4. (Optional) Refer to [MotionGPT-Training guidance](https://github.com/OpenMotionLab/MotionGPT/tree/main#22-ready-to-pretrain-motiongpt-model) to generate motion code for VQ-based training.
```
bash prepare/download_motiongpt_pretrained_models.sh
python -m scripts.get_motion_code --cfg configs/config_motiongpt.yaml
```
### 2.1. Ready to train MotionGPT3 model
Please first check the parameters in `configs/MoT_vae_stage1_t2m.yaml`, e.g. `NAME`, `instruction_type`, `lm_ablation`, `DEBUG`.
Then, run the following command:
```
python -m scripts.gen_mot_gpt
python -m train --cfg configs/MoT_vae_stage1_t2m.yaml --nodebug
```
### 2.2. Ready to pretrain MotionGPT3 model
Please update the parameters in `configs/MoT_vae_stage2_instruct.yaml` and `configs/MoT_vae_stage2_all.yaml`, e.g. `NAME`, `instruction_type`, `lm_ablation`, `DEBUG`, `PRETRAINED_VAE`(change to your `latest ckpt model path` in previous step)

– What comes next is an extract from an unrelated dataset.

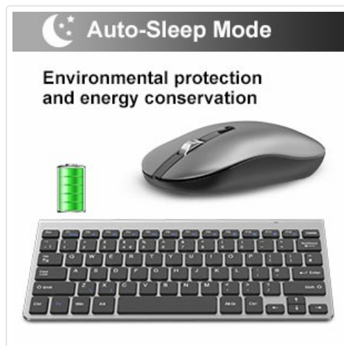
Image 4.5: Illustration of the auto-sleep mode for power conservation.

To wake the devices, simply press any key on the keyboard or move the mouse. This feature allows for continuous operation for up to 6 months on a single set of batteries.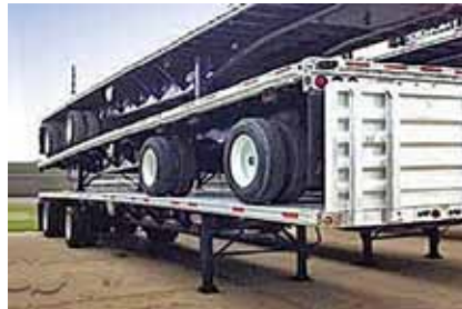
2003 Fontaine Combo Flatbed, (Qty: 6) Air Ride; 48 ft Long x 102 in Wide; Alum. Floor; 22.5 Tires; Steel Wheels; Spread Tandem Axle; Combination Comp; Headboards, Sliding Winches. (31516803-SHV-TRL-3b)

Then, run the following command:
```
python -m train --cfg configs/MoT_vae_stage2_all.yaml --nodebug
python -m train --cfg configs/MoT_vae_stage2_instruct.yaml --nodebug
```
### 2.3. Ready to instruct-tuning MotionGPT3 model
Please update the parameters in `configs/MoT_vae_stage3.yaml`, e.g. `NAME`, `instruction_type`, `lm_ablation`, `DEBUG`, `PRETRAINED` (change to your `latest ckpt model path` in previous step)
Then, run the following command:
```
python -m train --cfg configs/MoT_vae_stage3.yaml --nodebug
```
### 3. Evaluate the model
Please first put the tained model checkpoint path to `TEST.CHECKPOINT` in config files, e.g. `configs/MoT_vae_stage3.yaml`.

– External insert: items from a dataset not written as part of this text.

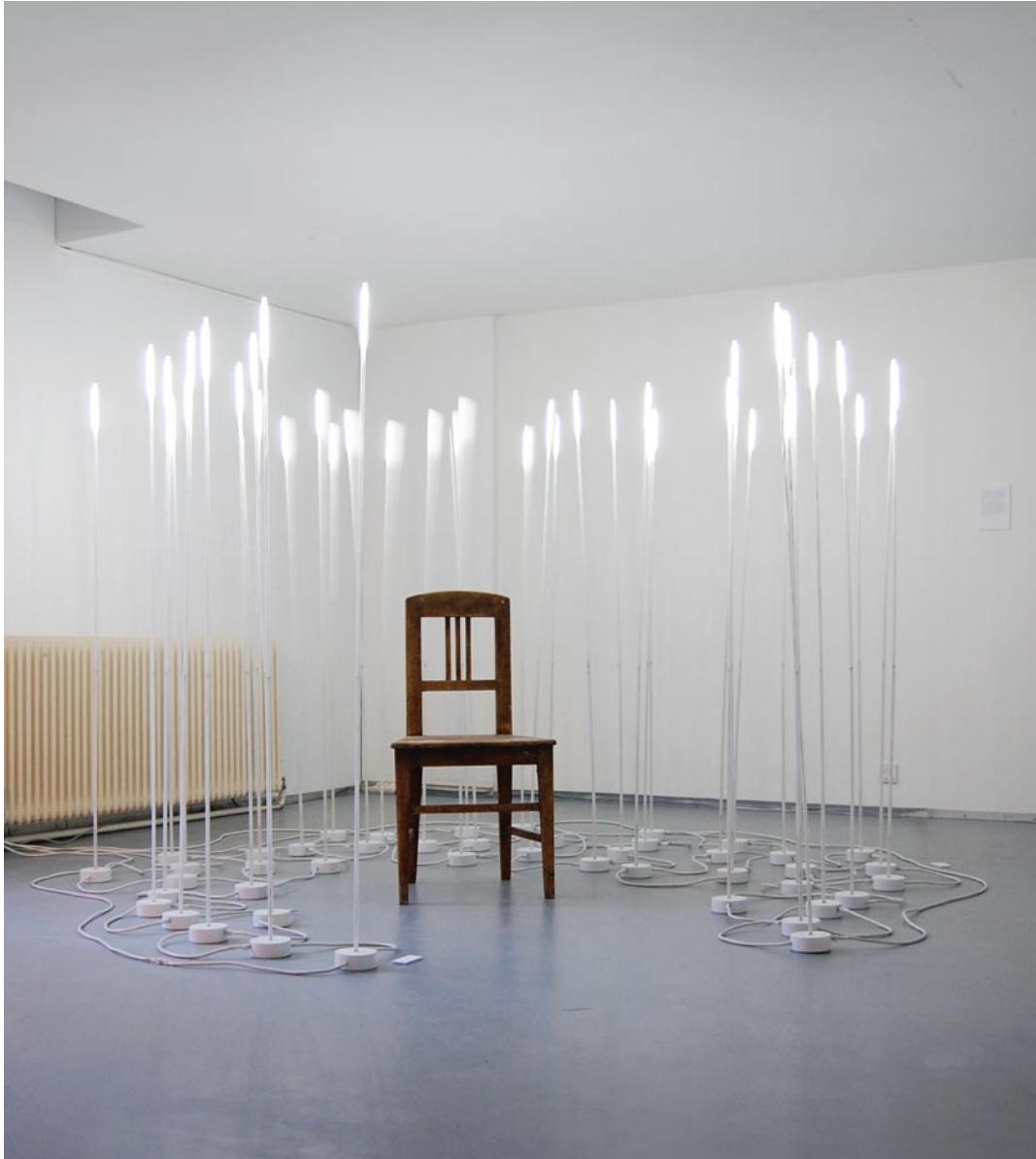
Reed - Amsterdam 2007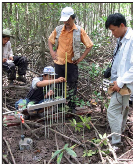
Vietnamese and US scientists installing coastal elevation measuring equipment, in the mangrove forests at Can Gio, to assess coastal vulnerability.

Disaster Risk Reduction: Establish a framework to promote disaster risk reduction through education, training, and projects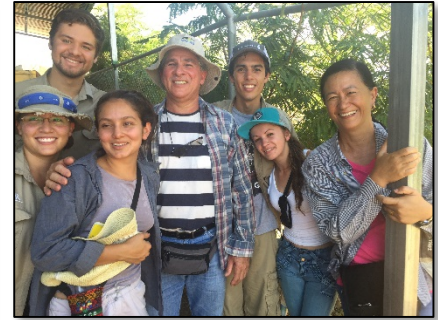
University of Costa Rica (UCR) student who hosted the group during the visit. The UCR students had toured Iowa agriculture in July 2016.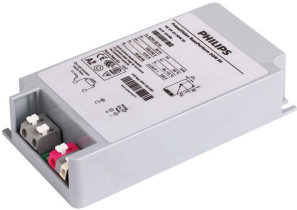
Lamp Driver, eHID, HID-PV Base 50 SON C3 220-240V

Then, run the following command:
```
python -m test --cfg configs/MoT_vae_stage3.yaml --task t2m
```
Some parameters:
- `--task`: evaluation tasks including t2m(Text-to-Motion), m2t(Motion translation), pred(Motion prediction), inbetween(Motion inbetween)
## 👀 Visualization
Render SMPL
### 1. Set up blender - WIP
Refer to [TEMOS-Rendering motions](https://github.com/Mathux/TEMOS) for blender setup, then install the following dependencies.
```
YOUR_BLENDER_PYTHON_PATH/python -m pip install -r prepare/requirements_render.txt
```
### 2. (Optional) Render rigged cylinders
Run the following command using blender:
```
YOUR_BLENDER_PATH/blender --background --python render.py -- --cfg=./configs/render.yaml --dir=YOUR_NPY_FOLDER --mode=video
```
### 2. Create SMPL meshes with:
```
python -m fit --dir YOUR_NPY_FOLDER --save_folder TEMP_PLY_FOLDER --cuda
```
This outputs:
- `mesh npy file`: the generate SMPL vertices with the shape of (nframe, 6893, 3)

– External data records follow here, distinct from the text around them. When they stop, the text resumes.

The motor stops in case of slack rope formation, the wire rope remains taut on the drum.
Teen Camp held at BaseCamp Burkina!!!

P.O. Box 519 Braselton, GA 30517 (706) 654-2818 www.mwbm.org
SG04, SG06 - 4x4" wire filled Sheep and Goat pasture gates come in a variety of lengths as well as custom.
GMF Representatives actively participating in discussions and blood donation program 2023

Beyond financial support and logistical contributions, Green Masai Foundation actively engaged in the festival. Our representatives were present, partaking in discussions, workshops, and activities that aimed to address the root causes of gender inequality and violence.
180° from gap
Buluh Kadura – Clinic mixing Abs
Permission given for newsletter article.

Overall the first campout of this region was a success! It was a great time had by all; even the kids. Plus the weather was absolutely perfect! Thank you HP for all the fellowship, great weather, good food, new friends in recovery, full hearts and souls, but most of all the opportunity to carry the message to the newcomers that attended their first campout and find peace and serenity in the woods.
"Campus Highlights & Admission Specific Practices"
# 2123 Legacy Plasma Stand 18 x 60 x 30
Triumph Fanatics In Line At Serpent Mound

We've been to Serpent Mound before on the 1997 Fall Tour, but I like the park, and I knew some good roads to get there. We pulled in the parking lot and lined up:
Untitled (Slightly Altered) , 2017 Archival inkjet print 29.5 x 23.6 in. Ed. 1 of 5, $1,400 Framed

- `ply files`: the ply mesh file for blender or meshlab
### 3. Render SMPL meshes
Run the following command to render SMPL using blender:
```
YOUR_BLENDER_PATH/blender --background --python render.py -- --cfg=./configs/render.yaml --dir=YOUR_NPY_FOLDER --mode=video
```
optional parameters:
- `--mode=video`: render mp4 video
- `--mode=sequence`: render the whole motion in a png image.
## 📖 Citation
If you find our code or paper helps, please consider citing:
```bibtex
@misc{zhu2025motiongpt3humanmotionsecond,
title={MotionGPT3: Human Motion as a Second Modality},
author={Bingfan Zhu and Biao Jiang and Sunyi Wang and Shixiang Tang and Tao Chen and Linjie Luo and Youyi Zheng and Xin Chen},
year={2025},
eprint={2506.24086},
archivePrefix={arXiv},
primaryClass={cs.CV},
url={https://arxiv.org/abs/2506.24086},
}
```
## Acknowledgments
Thanks to [MotionGPT](https://github.com/OpenMotionLab/MotionGPT), [Motion-latent-diffusion](https://github.com/ChenFengYe/motion-latent-diffusion), [HumanML3D](https://github.com/EricGuo5513/HumanML3D) and [MAR](https://github.com/LTH14/mar), our code is partially borrowing from them.
## License
This code is distributed under an [MIT LICENSE](LICENSE).
Note that our code depends on other libraries, including SMPL, SMPL-X, PyTorch3D, and uses datasets which each have their own respective licenses that must also be followed.